A: The APR (Annual Percentage Rate) determines the interest on your revolving balance. It can be fixed (does not change throughout the term of the loan) or variable (may change during the term based on Prime Rate). If you don’t pay off the full balance monthly, you'll incur interest on the remaining amount.

Q: When is my payment due?

A: The lender sets the due date. You must make at least the minimum payment by this date each month. If you carry a balance, interest will accrue, increasing what you owe.

Q: Are there annual fees?

A: Some lenders charge annual fees for their credit cards, regardless of usage. USU Credit Union does not charge annual fees on consumer credit cards.

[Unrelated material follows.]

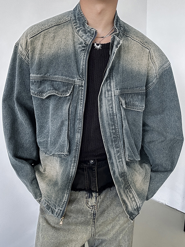 Chaqueta vintage con diseño de varias cremalleras para hombre
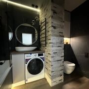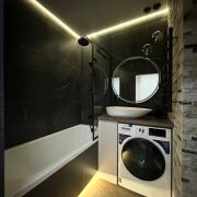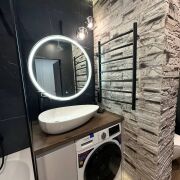 - Санузел отделан плиткой с имитацией камня, установлена современная сантехника, стиральная машина встроена в мебель.

Q: What is my credit limit?

A: The credit limit is the maximum balance set by the lender at approval. It may increase over time with good credit history.

Examples of Credit Usage

  1. Loan Approval and Interest Rates – Lenders review your credit report and score when you apply for a loan. Your credit score affects loan approval and the interest rate you’ll pay.
  2. Insurance Rates – A good credit score can lower your auto insurance costs, which are required by law. While many young people stay on a parent's policy, it's wise to prepare for your own insurance.
  3. Renting an Apartment – Some landlords check credit before approving rental applications. Having no credit history can disadvantage you compared to other applicants.